■ Recorded information ■
↓↓↓
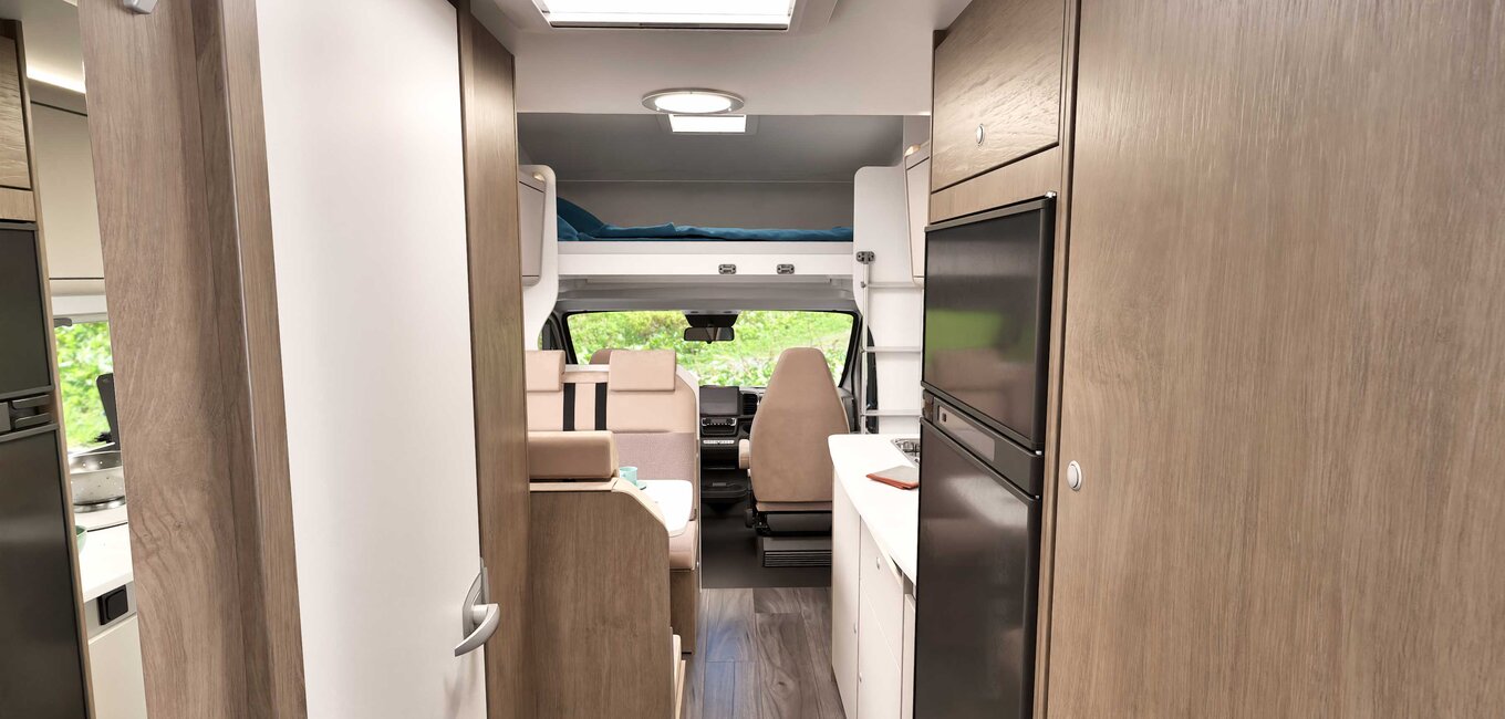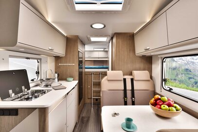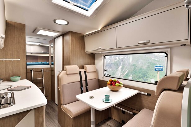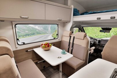 Det komfortable oppholdsrommet er utstyrt med en praktisk face-to-face sittegruppe som lover sosiale stunder i en innbydende atmosfære – ideelt for bobilturer med familien. Høykvalitets materialer og gjennomtenkte detaljer skaper en koselig atmosfære hvor du gjerne tilbringer tid, noe som gjør A464 til en fremragende familievennlig bobil.
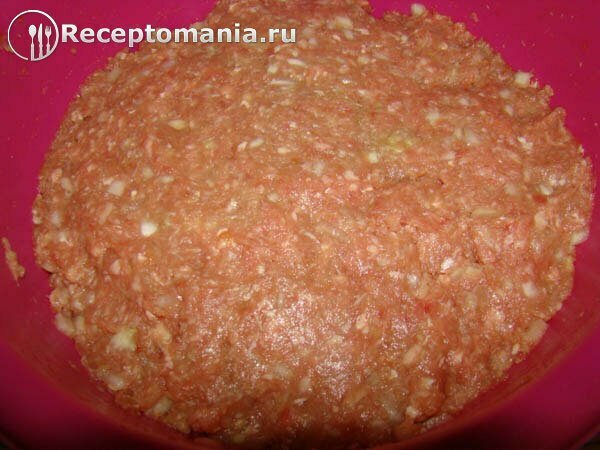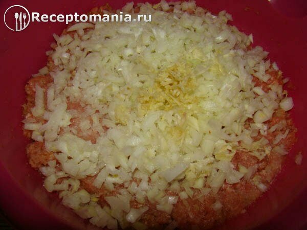 Лук, нарезанный мелкими кубиками и чеснок, измельченный на мелкой терке, добавляем в фарш, солим, перемешиваем.
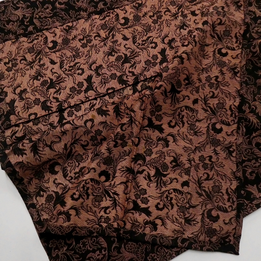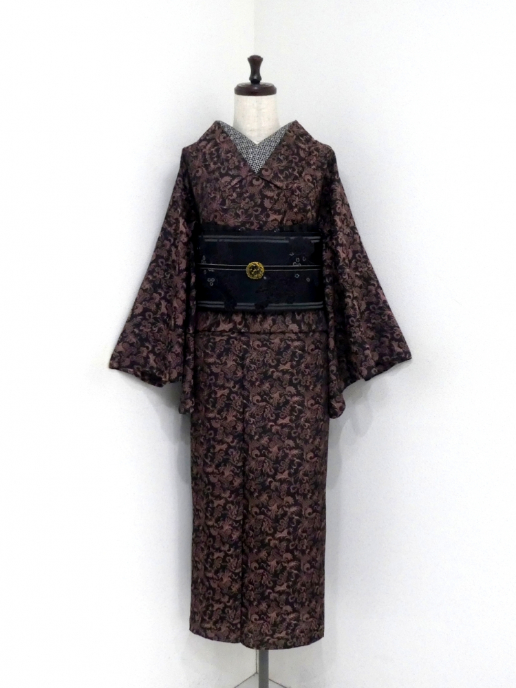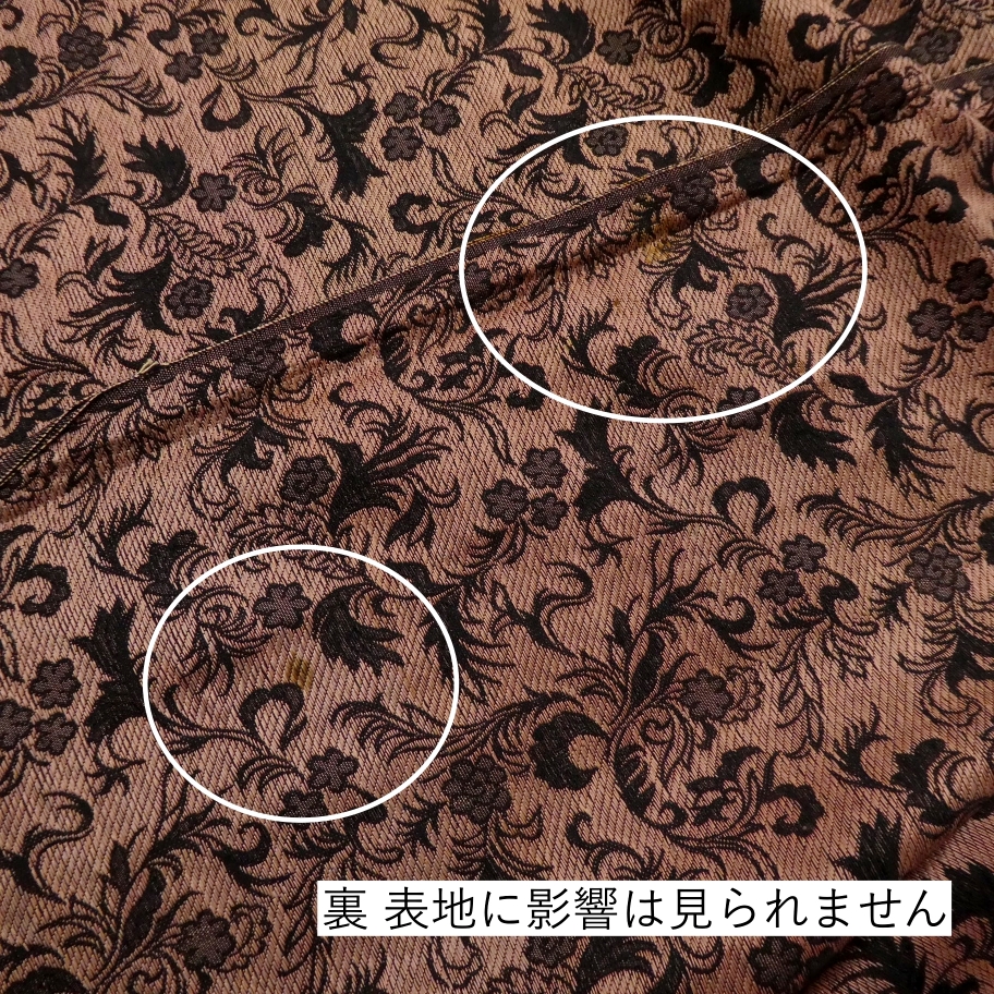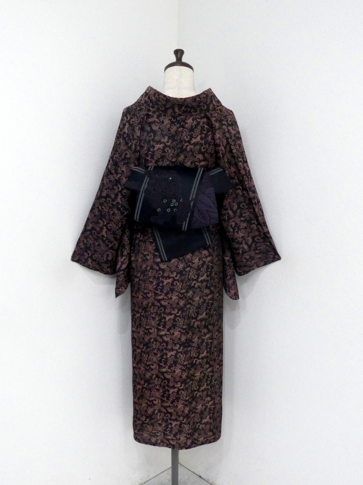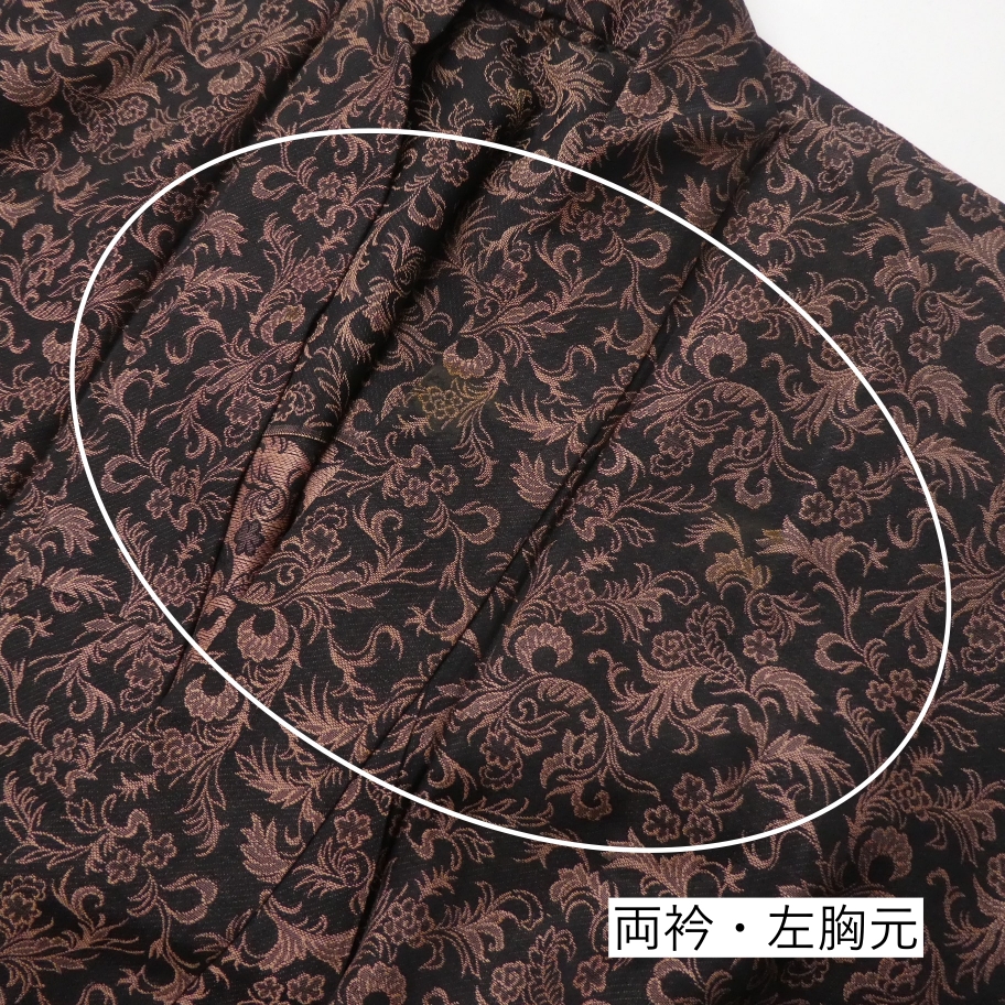 〓雅星〓レトロ!!ブラック×ブラウン*唐花文♪お召し 正絹単衣 裄63丈142 販売価格 15,800円 (税込) sold out この商品について問い合わせる お気に入り 特定商取引法に基づく表記 コーディネートで使用している商品 ★雅星本店オリジナル★新品【唐獅子牡丹】黒紫*リバーシブル《半幅帯》 16,800円(税込) ★雅星本店オリジナル★新品!!ブラック*シマシマ 銀通し 帯揚げ 正絹 【クリックポスト発送】 15,400円(税込) ★雅星本店オリジナル★新品*リバーシブル 縁あり三分紐【クリックポスト発送】 6,600円(税込) 商品詳細 状態ランク: ★★★ ブラックベースにブラウンの唐花模様が織り出されたシックなデザイン。 お召し地なので程よく張りがありつつしなやかなので、キズ崩れもしにくく普段キモノに最適。 人と差のつくこなれた着こなしが楽しめるセミアンティークのお召しです。 《単衣・バチ衿》身長〜147cm位までの方にオススメです。 それ以上の方は対丈や洋服ミックスのスタイリングもお洒落です♪ 生地を重ねると色合いが異なって見える箇所がありますが、ヤケではなく元々の地色だと思います。 衿元に薄シミが見られる為ぐっとお値下げしていますが、色柄に紛れて目立ちにくく感じました。 時代物に慣れた方・色柄を気に入ってくださった方に是非! 着物のみの価格で、帯・小物は含まれておりません。 サイズ・素材 裄 63cm 肩身丈 142cm 袖丈 46cm 袖幅 32cm 前幅 22.5cm 後ろ幅 30cm 内揚げ 0cm 縫込み(袖側) 2cm 縫込み(肩側) 2cm 素材 正絹 状態ランクについて ★★★★★ 超美品・新品・未使用品です。 ★★★★ 中古品ですがダメージの無いお品です。 ★★★ 薄ジミなどがありますが着用時には目立ちません。 ★★ 工夫次第で十分着用可能なお買い得品です ★ 大きめのシミがありますので、リメイク材料等にどうぞ。 _an _hito
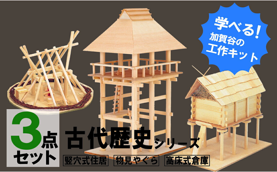 商品詳細 サイズ ・竪穴式住居(完成サイズW236×D190×H160 重さ200g) ・高床式倉庫(完成サイズW117×D190×H180 重さ200g) ・物見やぐら(完成サイズW190×D160×H236 重さ170g) 材料 木工品 ・ふるさと納税よくある質問はこちら ・寄附申込みのキャンセル、返礼品の変更・返品はできません。あらかじめご了承ください。おうち時間を楽しもう!DIY 全国各地で、続々発掘される古代遺跡。物見やぐら・竪穴式住居・高床式倉庫は、はるか古代の夢とロマンを伝えてくれます。 工作キット 古代歴史シリーズのコンプリートセット 工作キット 古代歴史シリーズのコンプリートセット 歴史を学ぶのに活躍する工作キットです。 全国各地で、続々発掘される古代遺跡。物見やぐら・竪穴式住居・高床式倉庫は、はるか古代の夢とロマンを伝えてくれます。 ・竪穴式住居(完成サイズW236×D190×H160 重さ200g) ・高床式倉庫(完成サイズW117×D190×H180 重さ200g) ・物見やぐら(完成サイズW190×D160×H236 重さ170g) 加賀谷木材では木工工作を楽しみながら多くのことを体験できるように商品開発を行い、木工工作キットを「KIT」シリーズを提案しています。 ・技術や文化の基礎・・・木工を通じたものづくりは、技術や文化の基礎となります。 ・豊かな発想・・・どのようなアレンジを加えるか、色を塗るかなど工夫する豊かな発想を育て、計画し、実行する機会を与えます。 ・コミュニケーションを育む・・・制作手順を相談したり、作業を手伝ってもらったりと、家族・友達・多くの人とのコミュニケーションを育みます。 ・木材の特徴を理解・・・木材の材料としての特徴や、道具の正しい使い方などを身につけます。 ・創造的な思考・・・どういう手順で制作するか、どうして失敗したのかといった自ら考える創造的な思考で問題を解決する力を育てます。 取扱先:加賀谷木材株式会社 1.竪穴式住居 2.高床式倉庫 3.物見やぐら 「ふるさと納税」寄附金は、下記の事業を推進する資金として活用してまいります。 寄附を希望される皆さまの想いでお選びください。 (1) 観光の振興に関する事業 (2) 未来を担う子どもの教育、健全育成に関する事業 (3) 福祉及び医療に関する事業 (4) ふるさとの自然環境の保全に関する事業 (5-1) その他まちづくりに関する事業(スポーツ環境) (5-2) その他まちづくりに関する事業(上記以外) 特徴のご希望がなければ、町政全般に活用いたします。 入金確認後、注文内容確認画面の【注文者情報】に記載の住所にお送りいたします。 発送の時期は、寄附確認後2週間以内を目途に、お礼の特産品とは別にお送りいたします。
↑↑↑
■ Try it ■
Leave the images out as you retype each line of the material exactly.

■ Response area ■
 Det komfortable oppholdsrommet er utstyrt med en praktisk face-to-face sittegruppe som lover sosiale stunder i en innbydende atmosfære – ideelt for bobilturer med familien. Høykvalitets materialer og gjennomtenkte detaljer skaper en koselig atmosfære hvor du gjerne tilbringer tid, noe som gjør A464 til en fremragende familievennlig bobil.
 Лук, нарезанный мелкими кубиками и чеснок, измельченный на мелкой терке, добавляем в фарш, солим, перемешиваем.
 〓雅星〓レトロ!!ブラック×ブラウン*唐花文♪お召し 正絹単衣 裄63丈142 販売価格 15,800円 (税込) sold out この商品について問い合わせる お気に入り 特定商取引法に基づく表記 コーディネートで使用している商品 ★雅星本店オリジナル★新品【唐獅子牡丹】黒紫*リバーシブル《半幅帯》 16,800円(税込) ★雅星本店オリジナル★新品!!ブラック*シマシマ 銀通し 帯揚げ 正絹 【クリックポスト発送】 15,400円(税込) ★雅星本店オリジナル★新品*リバーシブル 縁あり三分紐【クリックポスト発送】 6,600円(税込) 商品詳細 状態ランク: ★★★ ブラックベースにブラウンの唐花模様が織り出されたシックなデザイン。 お召し地なので程よく張りがありつつしなやかなので、キズ崩れもしにくく普段キモノに最適。 人と差のつくこなれた着こなしが楽しめるセミアンティークのお召しです。 《単衣・バチ衿》身長〜147cm位までの方にオススメです。 それ以上の方は対丈や洋服ミックスのスタイリングもお洒落です♪ 生地を重ねると色合いが異なって見える箇所がありますが、ヤケではなく元々の地色だと思います。 衿元に薄シミが見られる為ぐっとお値下げしていますが、色柄に紛れて目立ちにくく感じました。 時代物に慣れた方・色柄を気に入ってくださった方に是非! 着物のみの価格で、帯・小物は含まれておりません。 サイズ・素材 裄 63cm 肩身丈 142cm 袖丈 46cm 袖幅 32cm 前幅 22.5cm 後ろ幅 30cm 内揚げ 0cm 縫込み(袖側) 2cm 縫込み(肩側) 2cm 素材 正絹 状態ランクについて ★★★★★ 超美品・新品・未使用品です。 ★★★★ 中古品ですがダメージの無いお品です。 ★★★ 薄ジミなどがありますが着用時には目立ちません。 ★★ 工夫次第で十分着用可能なお買い得品です ★ 大きめのシミがありますので、リメイク材料等にどうぞ。 _an _hito
 商品詳細 サイズ ・竪穴式住居(完成サイズW236×D190×H160 重さ200g) ・高床式倉庫(完成サイズW117×D190×H180 重さ200g) ・物見やぐら(完成サイズW190×D160×H236 重さ170g) 材料 木工品 ・ふるさと納税よくある質問はこちら ・寄附申込みのキャンセル、返礼品の変更・返品はできません。あらかじめご了承ください。おうち時間を楽しもう!DIY 全国各地で、続々発掘される古代遺跡。物見やぐら・竪穴式住居・高床式倉庫は、はるか古代の夢とロマンを伝えてくれます。 工作キット 古代歴史シリーズのコンプリートセット 工作キット 古代歴史シリーズのコンプリートセット 歴史を学ぶのに活躍する工作キットです。 全国各地で、続々発掘される古代遺跡。物見やぐら・竪穴式住居・高床式倉庫は、はるか古代の夢とロマンを伝えてくれます。 ・竪穴式住居(完成サイズW236×D190×H160 重さ200g) ・高床式倉庫(完成サイズW117×D190×H180 重さ200g) ・物見やぐら(完成サイズW190×D160×H236 重さ170g) 加賀谷木材では木工工作を楽しみながら多くのことを体験できるように商品開発を行い、木工工作キットを「KIT」シリーズを提案しています。 ・技術や文化の基礎・・・木工を通じたものづくりは、技術や文化の基礎となります。 ・豊かな発想・・・どのようなアレンジを加えるか、色を塗るかなど工夫する豊かな発想を育て、計画し、実行する機会を与えます。 ・コミュニケーションを育む・・・制作手順を相談したり、作業を手伝ってもらったりと、家族・友達・多くの人とのコミュニケーションを育みます。 ・木材の特徴を理解・・・木材の材料としての特徴や、道具の正しい使い方などを身につけます。 ・創造的な思考・・・どういう手順で制作するか、どうして失敗したのかといった自ら考える創造的な思考で問題を解決する力を育てます。 取扱先:加賀谷木材株式会社 1.竪穴式住居 2.高床式倉庫 3.物見やぐら 「ふるさと納税」寄附金は、下記の事業を推進する資金として活用してまいります。 寄附を希望される皆さまの想いでお選びください。 (1) 観光の振興に関する事業 (2) 未来を担う子どもの教育、健全育成に関する事業 (3) 福祉及び医療に関する事業 (4) ふるさとの自然環境の保全に関する事業 (5-1) その他まちづくりに関する事業(スポーツ環境) (5-2) その他まちづくりに関する事業(上記以外) 特徴のご希望がなければ、町政全般に活用いたします。 入金確認後、注文内容確認画面の【注文者情報】に記載の住所にお送りいたします。 発送の時期は、寄附確認後2週間以内を目途に、お礼の特産品とは別にお送りいたします。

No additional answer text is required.